### TASK STATEMENT
Each entry has to be given again in its exact wording, and no picture may appear in the result.

### DATA RECORDS
◆ ◆ ◆ ◆ ◆

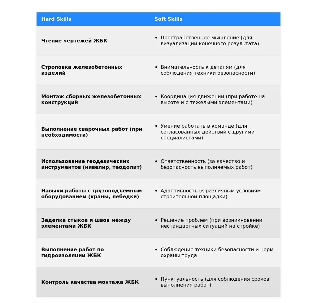 "Навыки: Монтаж железобетонных конструкций, чтение чертежей, опыт работы на высоте, соблюдение техники безопасности, ответственность, исполнительность, умение работать в команде."
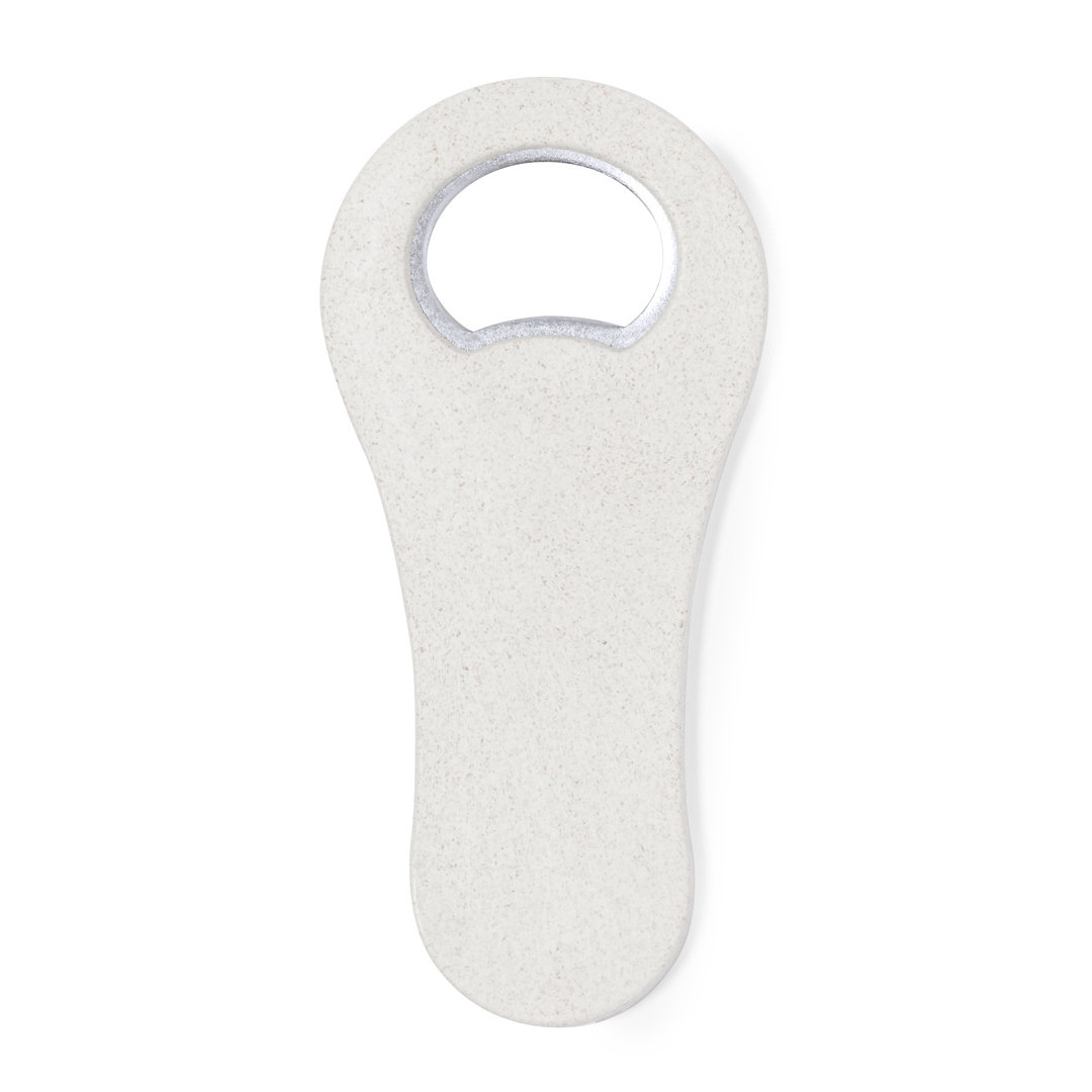 Abridor de botellas fabricado en caña de trigo. Cuenta con un imán que permite adherirlo a cualquier superficie metálica. Presentado individualmente en bolsa de papel reciclada. La caña de trigo fomenta la utilización de materias primas naturales, reduciendo así las emisiones contaminantes. Magnético
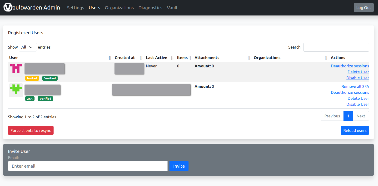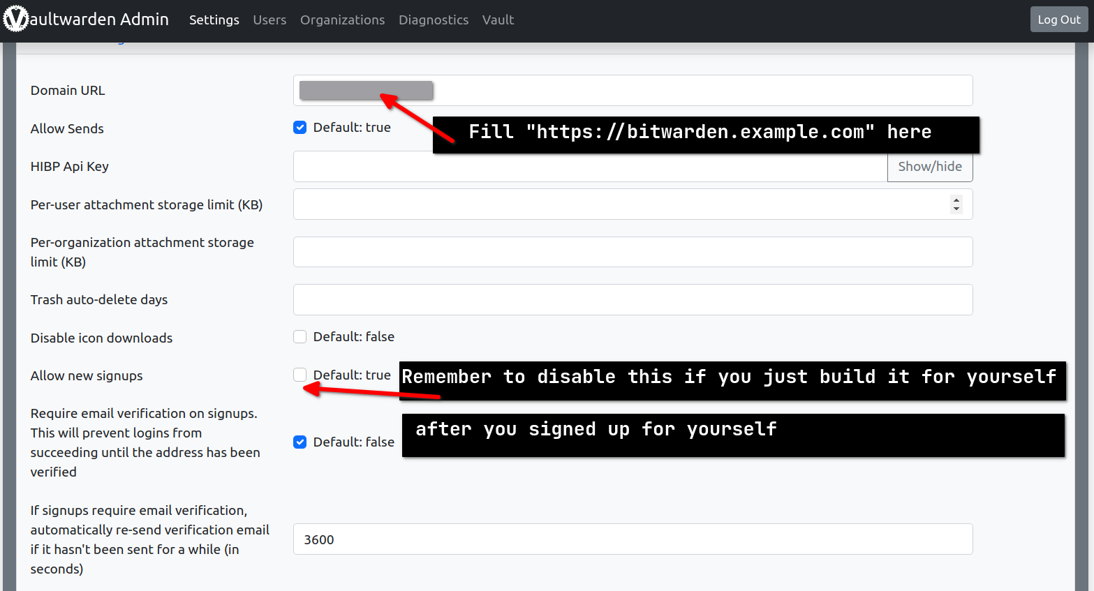 Go to https://bitwarden.example.com/admin and log in with the ADMIN_TOKEN you previously set.
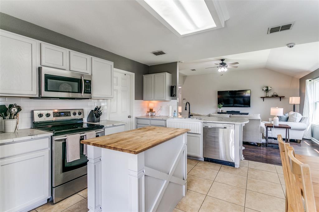 Inside? Amazing glow-up. The eat-in kitchen has luxurious quartz counters, a center island perfect for prepping or a great charcuterie spread!! The large walk-in pantry is perfect with easy and convenient access to ingredients and supplies! Don't miss the beautiful fluted, farmhouse sink overlooking the bright, open family room ..... you’re always part of the fun.
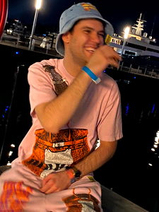 In the image, a young man is seated outdoors during nighttime. He has on a pink t-shirt with an intricate graphic design and a white bucket hat. His pose is relaxed as he smiles broadly, engaging with someone or something not visible in the frame. The lighting suggests it could be a social gathering at a restaurant or bar with neon lights in the background. A body of water is also present, which adds to the ambiance of the scene.
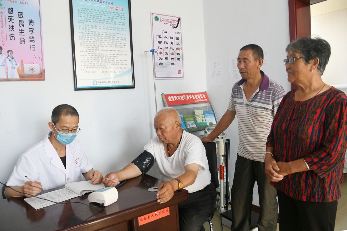 6月28日,闻喜县东镇东干庆村卫生室医务人员在为村民检查身体,宣传解答夏季预防各种疾病健康知识。东干庆村卫生室设有观察室、治疗室、药房,可以满足本村村民的基本医疗服务。
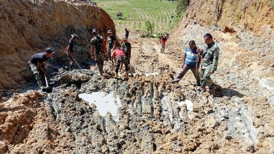 Dengan sekop dan cangkul di tangan, para personel membuat jalur air manual di sisi jalan. Aliran kecil dibuka perlahan, ibarat membuka pintu bagi air agar tidak lagi menetap di badan jalan. Di waktu yang sama, tebing yang terlihat kurang rapi juga diperbaiki untuk mencegah longsoran tanah.
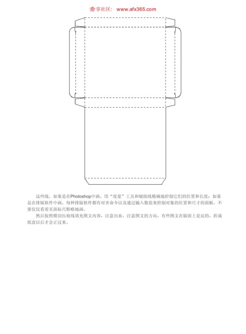 模切压痕品 ιٳཚഠ XXX BGY DPN 页码,8/10 这些线,如果是在Photoshop中画,用“度量”工具和辅助线精确地控制它们的位置和长度;如果 是在排版软件中画,每种排版软件都有对齐命令以及通过输入数值来控制对象的位置和尺寸的面板,不 要仅仅看着页面标尺粗略地画。 然后按照模切压痕线填充图文内容,注意出血,注意图文的方向,有些图文在版面上是反的,折成 纸盒以后才会正过来。 https://www.antssoft.com/13-3.htm 2009-5-9
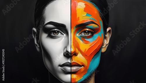 Woman's Face Split With Black And White And Colorful Paint
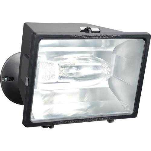 Weather-resistant aluminum housing with a dark-bronze finish Clear glass bulb cover Wall or eave-mount installation Brightly illuminates driveways, lots, yards, docks or landscapes UL Listed Requires one 100 watt metal halide bulb Has a large lens that helps brightly illuminate the surrounding area
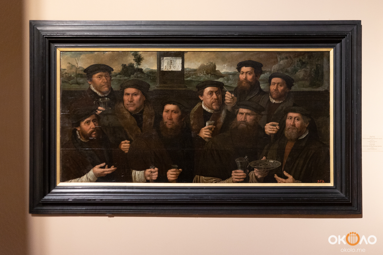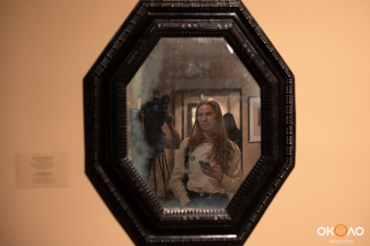В конце выставки вы увидите зеркало. Посмотрите, пожалуйста, в него. Это старинное зеркало XVII века. Его форма и форма рам картин этого времени очень близки, к тому же картины и зеркала вешали примерно на одном уровне.

◆ ◆ ◆ ◆ ◆

### OUTPUT
 "Навыки: Монтаж железобетонных конструкций, чтение чертежей, опыт работы на высоте, соблюдение техники безопасности, ответственность, исполнительность, умение работать в команде."
 Abridor de botellas fabricado en caña de trigo. Cuenta con un imán que permite adherirlo a cualquier superficie metálica. Presentado individualmente en bolsa de papel reciclada. La caña de trigo fomenta la utilización de materias primas naturales, reduciendo así las emisiones contaminantes. Magnético
 Go to https://bitwarden.example.com/admin and log in with the ADMIN_TOKEN you previously set.
 Inside? Amazing glow-up. The eat-in kitchen has luxurious quartz counters, a center island perfect for prepping or a great charcuterie spread!! The large walk-in pantry is perfect with easy and convenient access to ingredients and supplies! Don't miss the beautiful fluted, farmhouse sink overlooking the bright, open family room ..... you’re always part of the fun.
 In the image, a young man is seated outdoors during nighttime. He has on a pink t-shirt with an intricate graphic design and a white bucket hat. His pose is relaxed as he smiles broadly, engaging with someone or something not visible in the frame. The lighting suggests it could be a social gathering at a restaurant or bar with neon lights in the background. A body of water is also present, which adds to the ambiance of the scene.
 6月28日,闻喜县东镇东干庆村卫生室医务人员在为村民检查身体,宣传解答夏季预防各种疾病健康知识。东干庆村卫生室设有观察室、治疗室、药房,可以满足本村村民的基本医疗服务。
 Dengan sekop dan cangkul di tangan, para personel membuat jalur air manual di sisi jalan. Aliran kecil dibuka perlahan, ibarat membuka pintu bagi air agar tidak lagi menetap di badan jalan. Di waktu yang sama, tebing yang terlihat kurang rapi juga diperbaiki untuk mencegah longsoran tanah.
 模切压痕品 ιٳཚഠ XXX BGY DPN 页码,8/10 这些线,如果是在Photoshop中画,用“度量”工具和辅助线精确地控制它们的位置和长度;如果 是在排版软件中画,每种排版软件都有对齐命令以及通过输入数值来控制对象的位置和尺寸的面板,不 要仅仅看着页面标尺粗略地画。 然后按照模切压痕线填充图文内容,注意出血,注意图文的方向,有些图文在版面上是反的,折成 纸盒以后才会正过来。 https://www.antssoft.com/13-3.htm 2009-5-9
 Woman's Face Split With Black And White And Colorful Paint
 Weather-resistant aluminum housing with a dark-bronze finish Clear glass bulb cover Wall or eave-mount installation Brightly illuminates driveways, lots, yards, docks or landscapes UL Listed Requires one 100 watt metal halide bulb Has a large lens that helps brightly illuminate the surrounding area
В конце выставки вы увидите зеркало. Посмотрите, пожалуйста, в него. Это старинное зеркало XVII века. Его форма и форма рам картин этого времени очень близки, к тому же картины и зеркала вешали примерно на одном уровне.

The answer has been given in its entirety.